Supplied information:
*** Begin section ***
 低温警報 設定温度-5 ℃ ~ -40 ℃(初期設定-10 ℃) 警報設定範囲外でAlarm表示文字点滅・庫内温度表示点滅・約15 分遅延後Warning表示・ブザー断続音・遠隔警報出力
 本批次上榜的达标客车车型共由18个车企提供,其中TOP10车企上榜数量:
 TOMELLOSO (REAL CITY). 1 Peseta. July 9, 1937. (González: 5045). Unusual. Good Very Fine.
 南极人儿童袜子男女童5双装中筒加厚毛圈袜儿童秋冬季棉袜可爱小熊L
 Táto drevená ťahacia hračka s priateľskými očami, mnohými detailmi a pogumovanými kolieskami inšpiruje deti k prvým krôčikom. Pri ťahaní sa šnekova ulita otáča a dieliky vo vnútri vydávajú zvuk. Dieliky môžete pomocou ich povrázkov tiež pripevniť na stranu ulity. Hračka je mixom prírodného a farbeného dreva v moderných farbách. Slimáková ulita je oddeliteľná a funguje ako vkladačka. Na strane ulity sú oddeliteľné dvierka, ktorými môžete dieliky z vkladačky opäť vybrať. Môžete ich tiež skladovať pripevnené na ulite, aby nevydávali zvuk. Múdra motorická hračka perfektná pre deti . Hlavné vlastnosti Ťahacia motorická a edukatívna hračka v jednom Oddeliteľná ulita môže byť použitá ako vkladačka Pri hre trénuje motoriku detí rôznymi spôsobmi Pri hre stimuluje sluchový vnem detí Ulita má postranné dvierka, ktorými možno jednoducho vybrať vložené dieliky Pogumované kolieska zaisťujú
*** End section ***
*** Begin section ***
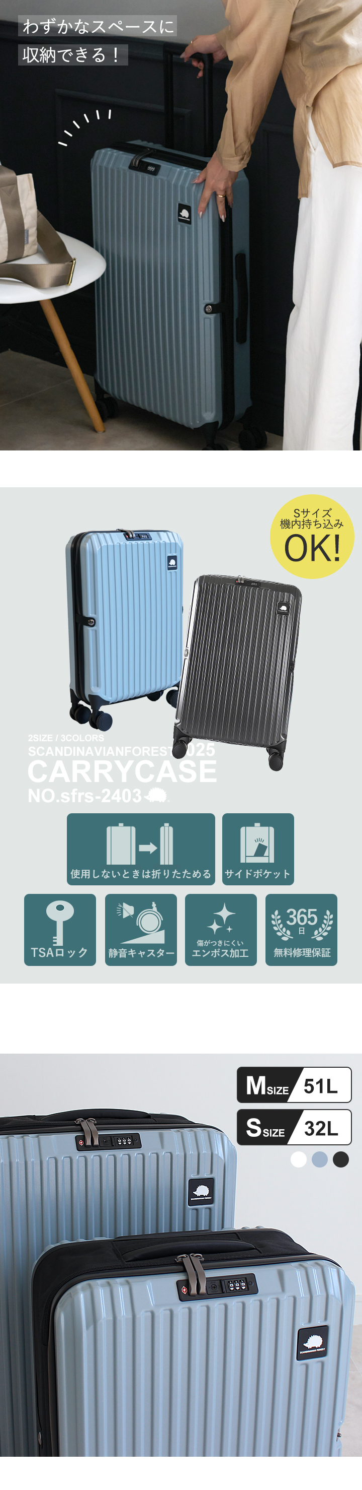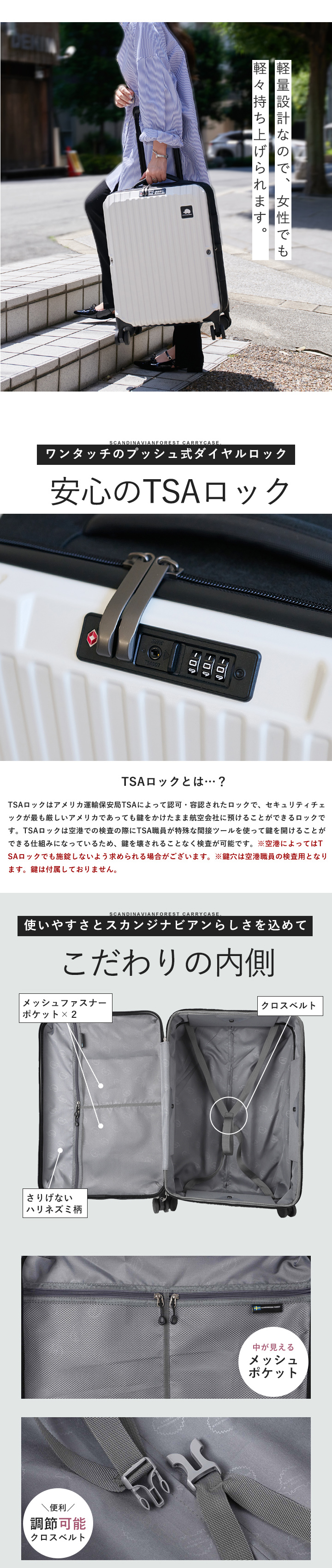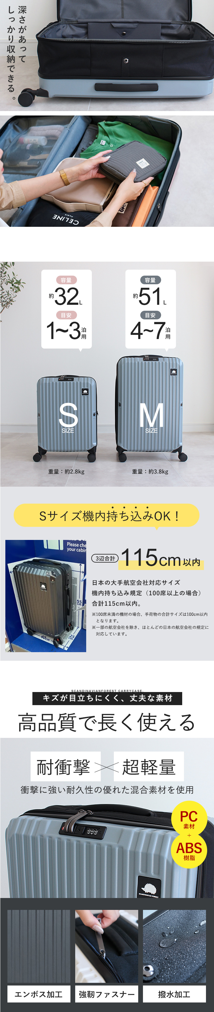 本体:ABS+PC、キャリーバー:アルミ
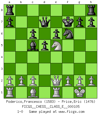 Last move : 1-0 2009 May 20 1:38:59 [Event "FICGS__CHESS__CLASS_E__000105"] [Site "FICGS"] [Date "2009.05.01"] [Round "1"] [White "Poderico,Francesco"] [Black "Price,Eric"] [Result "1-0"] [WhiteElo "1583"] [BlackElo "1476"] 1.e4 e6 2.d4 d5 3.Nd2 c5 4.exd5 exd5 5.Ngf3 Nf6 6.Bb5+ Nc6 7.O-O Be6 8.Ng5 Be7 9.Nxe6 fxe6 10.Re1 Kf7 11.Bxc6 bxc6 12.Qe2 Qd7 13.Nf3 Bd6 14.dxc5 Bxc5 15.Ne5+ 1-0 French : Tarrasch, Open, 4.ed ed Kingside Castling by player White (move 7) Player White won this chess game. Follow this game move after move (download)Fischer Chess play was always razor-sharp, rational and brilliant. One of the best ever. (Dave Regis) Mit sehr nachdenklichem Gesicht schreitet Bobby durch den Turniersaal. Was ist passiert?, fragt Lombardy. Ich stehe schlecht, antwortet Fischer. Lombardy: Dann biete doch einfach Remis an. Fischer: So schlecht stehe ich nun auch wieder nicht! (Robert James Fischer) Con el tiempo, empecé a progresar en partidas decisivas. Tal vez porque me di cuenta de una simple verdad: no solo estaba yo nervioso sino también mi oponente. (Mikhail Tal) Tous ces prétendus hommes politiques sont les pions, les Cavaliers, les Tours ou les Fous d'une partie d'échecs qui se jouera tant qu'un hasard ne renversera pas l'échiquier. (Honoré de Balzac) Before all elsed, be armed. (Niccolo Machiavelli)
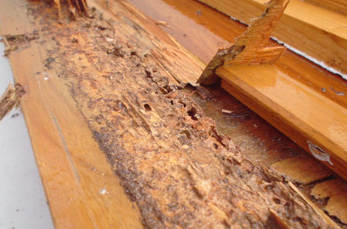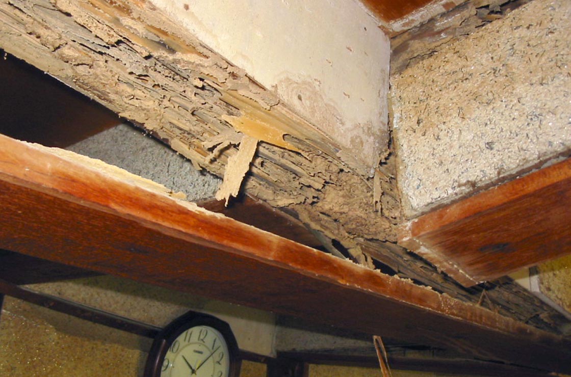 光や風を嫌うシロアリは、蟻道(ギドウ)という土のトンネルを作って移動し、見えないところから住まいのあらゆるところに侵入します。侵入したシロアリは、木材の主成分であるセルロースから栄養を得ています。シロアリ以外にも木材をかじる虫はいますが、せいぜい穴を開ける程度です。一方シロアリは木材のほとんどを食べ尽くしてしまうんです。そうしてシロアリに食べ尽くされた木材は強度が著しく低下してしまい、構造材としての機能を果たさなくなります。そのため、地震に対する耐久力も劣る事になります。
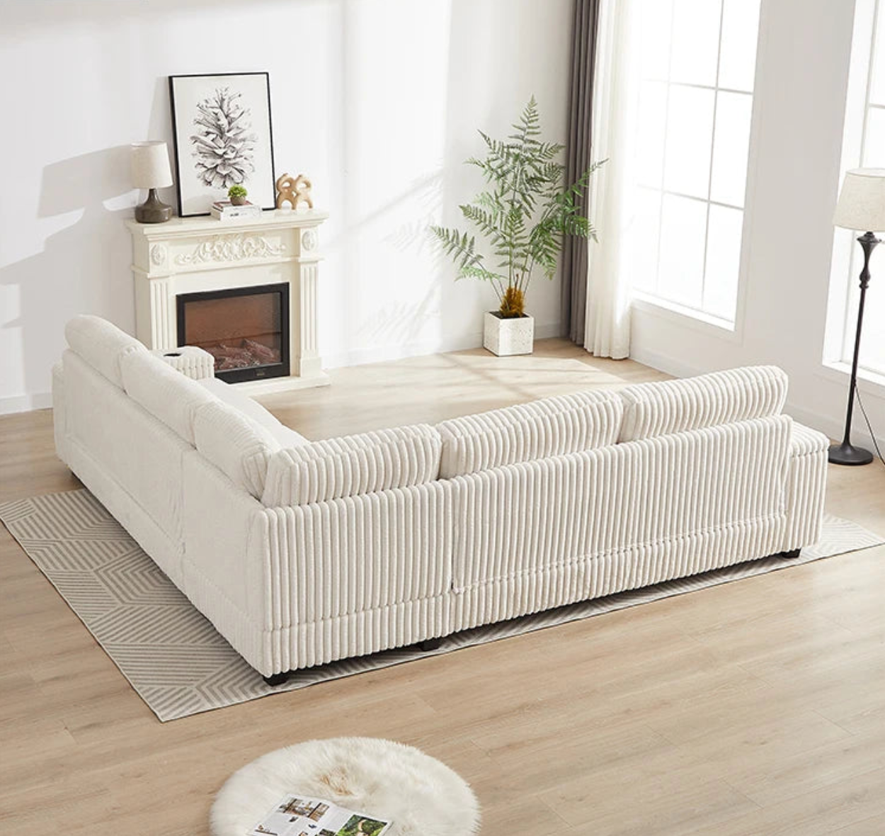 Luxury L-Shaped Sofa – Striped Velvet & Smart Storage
*** End section ***
For the lines above, output exactly those from the line containing "TOMELLOSO (REAL CITY)." through the line containing "南极人儿童袜子男女童5双装中筒加厚毛圈袜儿童秋冬季棉袜可爱小熊L", and skip the others.

 TOMELLOSO (REAL CITY). 1 Peseta. July 9, 1937. (González: 5045). Unusual. Good Very Fine.
 南极人儿童袜子男女童5双装中筒加厚毛圈袜儿童秋冬季棉袜可爱小熊L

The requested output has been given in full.